July 07th, 2011 | Category: Life

I don’t know what to write just now, I don’t think I have anything interesting in my head. Sometimes if I just start writing, something interesting spills out, but I don’t see that happening tonight. I’m not feeling very dynamic.

I went to the mall, picked up some shirts at Express, one blood-red that’s a little shiny. I’m a big fan of shiny shirts.

I don’t know, my head’s somewhere else.

1 comment

We baked a cake

June 30th, 2011 | Category: Life

So, I get these ideas, just weird, maybe a little eccentric, ideas. Like, a few years ago I decided to try to see every After Dark Horrorfest horror movie, in the theater. I made it to seven of the eight. Then, a few weeks ago, the gun range thing. I don’t know, I guess I like creating a to-do, then doing it. I do things especially when the rest of my life feels out of my control, I grab at something I can control, I get a thing or do a thing, just to show myself that part of me still alive. It’s, I don’t know. I suddenly don’t feel like writing more.

Anyways, we baked a cake today. Lauren (my assistant) and my friend, Dani, did the baking, while I took a more supervisory role. It was fun, and created something.

Now, pictures…

Lauren prepares a mellow vanilla icing

Introducing... batter!

Law & Order: Special Cakes Unit

It looks like Dani’s interrogating Lauren for some kind of cake-related felony…

Dani and Daisy and Lauren and Flour

Dani, Lauren, and the finished cake... rendered in water colors

Sure, I dabble in water color painting… or I just bought Sketcher on the Mac App Store. One or the other.

We did a yellow cake with vanilla icing, topped with fresh strawberries. It came out really pretty, which is everything one wants. We all just want something pretty.

 

1 comment

Too screwed up

June 28th, 2011 | Category: Life

I’m too screwed up, and nervous, and lost, and alone right now.
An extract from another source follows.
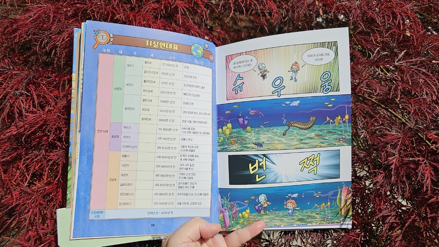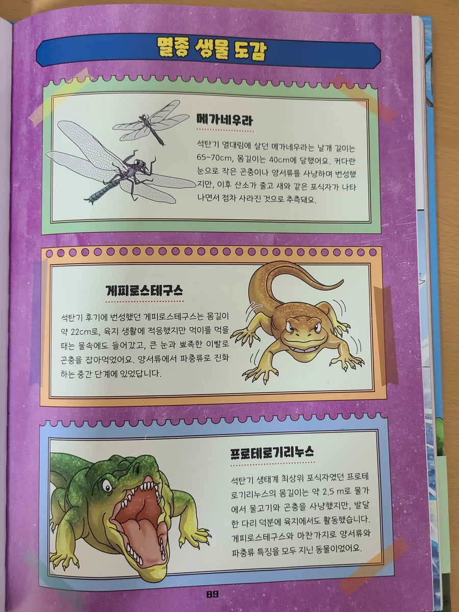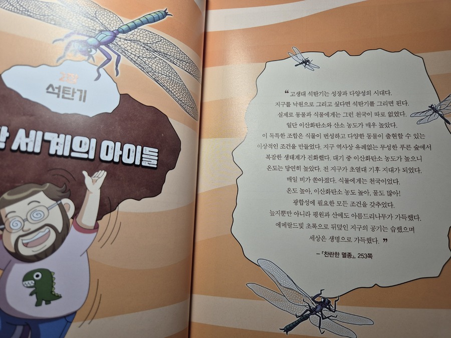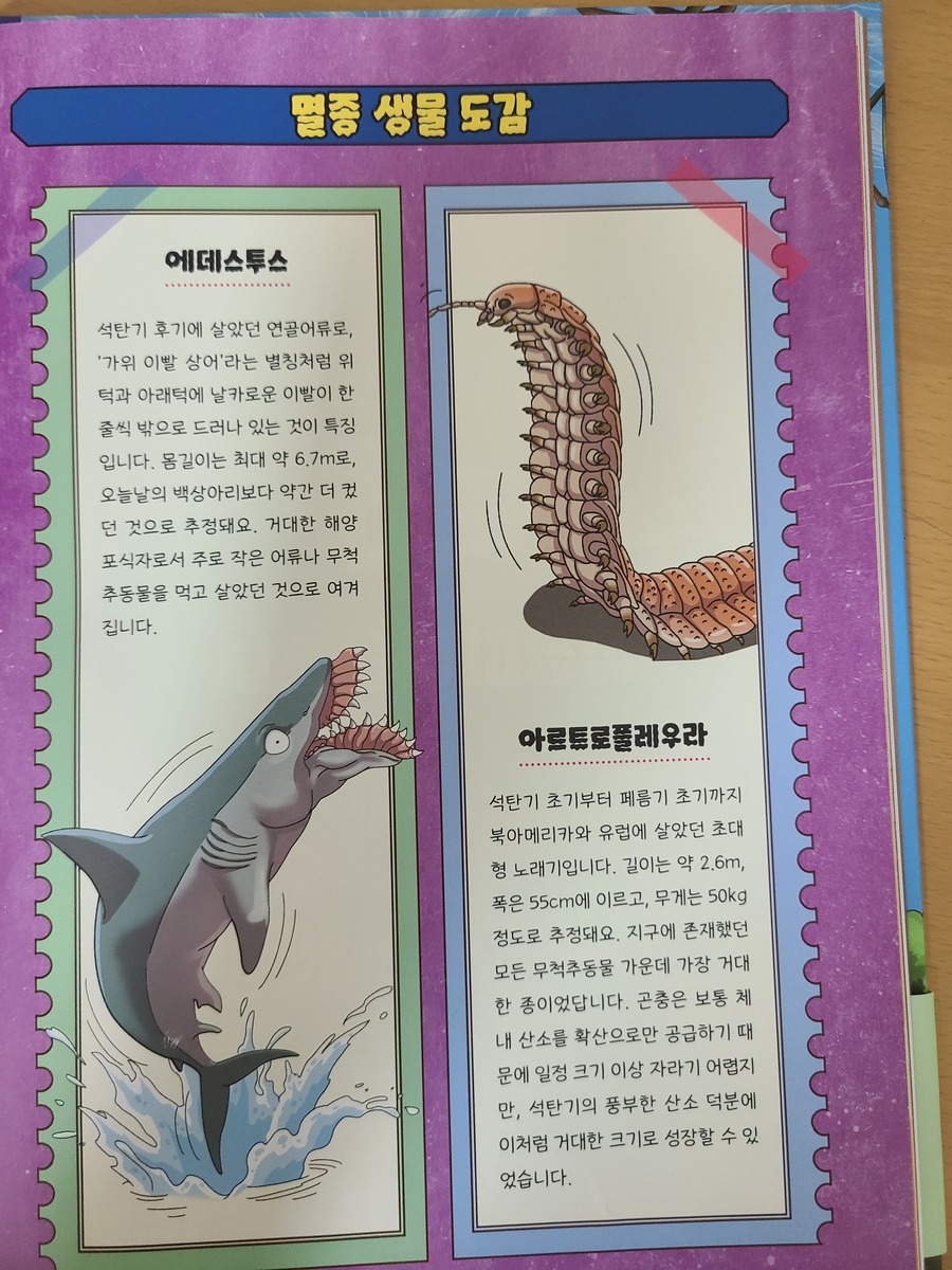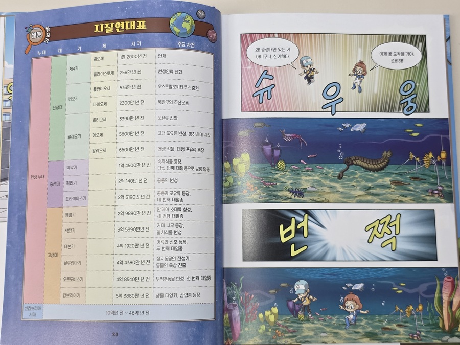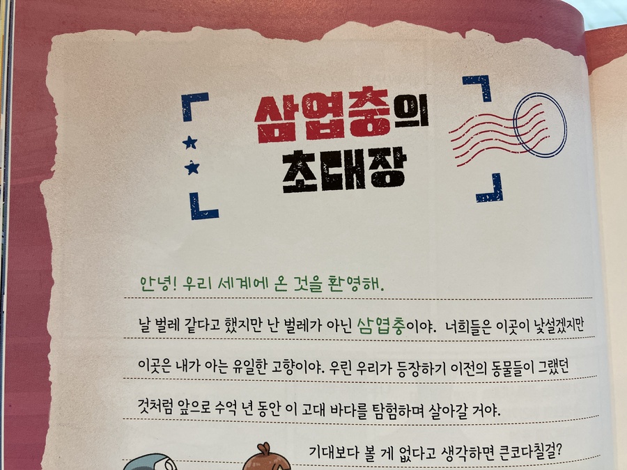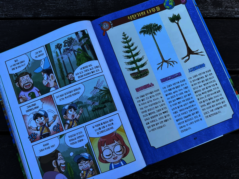 이 책은 2150년, 여섯 번째 대멸종을 막기 위해 미래에서 온 자연이와 필호가 사라진 털보 관장님을 찾아 고생대로 시간여행을 떠나는 이야기로 시작됩니다. 흥미롭고 유쾌한 만화 형식 덕분에 어려운 과학 개념도 자연스럽게 흡수되었고, 무엇보다 ‘멸종 생물들이 남긴 메시지’는 아이와 저에게 현재의 위기에 대해서 깊게 생각해 볼 수 있는 계기가 되었습니다. 🌍 고생대 생명체를 만나는 특별한 경험 중생대 공룡은 익숙하지만 고생대 생물들은 사실 우리에게 익숙하지 않았습니다. 그래서 이 책에서 만난 각종 새로운 생명체들은 정말 신선했습니다. “이런 생명체가 있었어?”라고 감탄하며 생김새와 생태, 그리고 그들이 어떤 과정을 통해 사라졌는지를 따라가다 보면 자연스럽게 지구의 기후 변화와 생태계의 변동을 이해하게 됩니다. 🔥 ‘세 번째 대멸종 – 페름기’가 준 충격
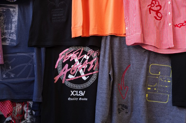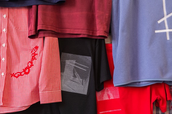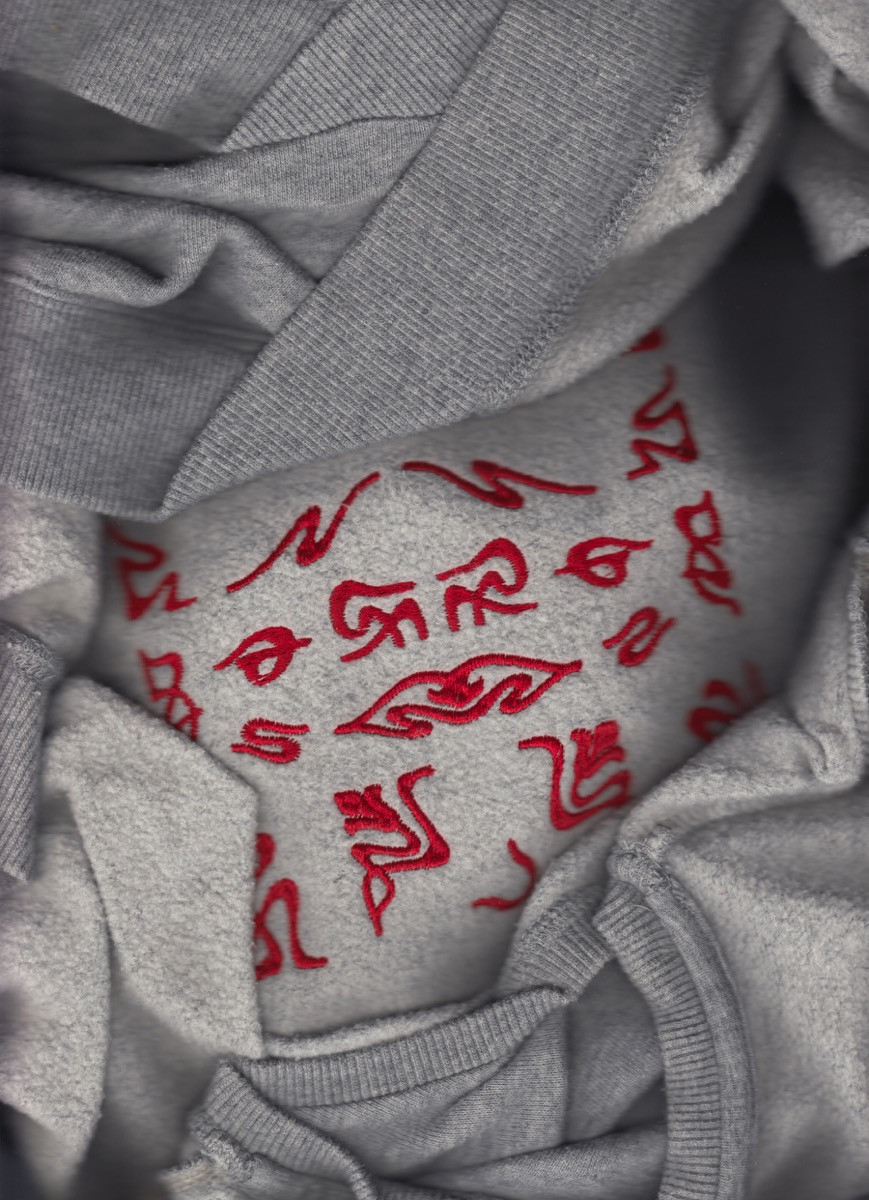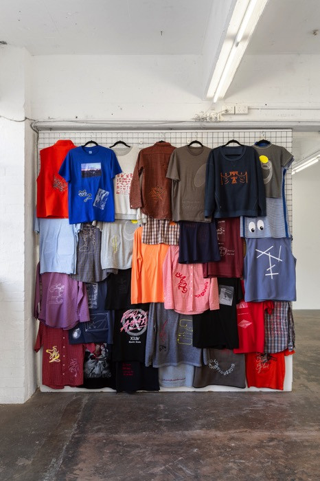 Within this show, clothes contain messages that lie somewhere between the Civil Contract Party’s two-worded logo-slogan and the coded, addressing themes of illegibility, cryptography and the multiverse in relation to graphics, language and also the textile medium they are adhered with/to.

I’m so lost, so alone. I can’t think straight or write straight, or DO ANYTHING. I knew it’s all my fault, I accept that, no other way to see it. I’m a worthless waste. I ruin everything.

I won’t be writing.

No comments

Won’t say

June 24th, 2011 | Category: Life

I’m scared because I, this could be some really pretty, sweeping narrative. I have the skill, I know my craft well enough to paint this picture of  scared and lonely, but fuck it. I don’t feel pretty inside, I don’t have any pretty words to bleed, even if I cut both wrists wide open. She won’t say, “I love you! Come back to me,” so I’m scared. The drugs will hit me, and I’ll get sleepy, and nothing will feel beautiful, and maybe I won’t find my way back.

No comments

Post #667

June 22nd, 2011 | Category: Life

So, this is post #667, nothing evil about that. I’ve been writing here since… mid-2007, so the stretches that I haven’t written show in the numbers. Still, 667 posts isn’t an awful number. I’ve tried to not post garbage, which is why sometimes I write nothing at all. I don’t know where this post is going, I don’t know where this blog is going, I don’t know where I’m going. I don’t know. Who knows?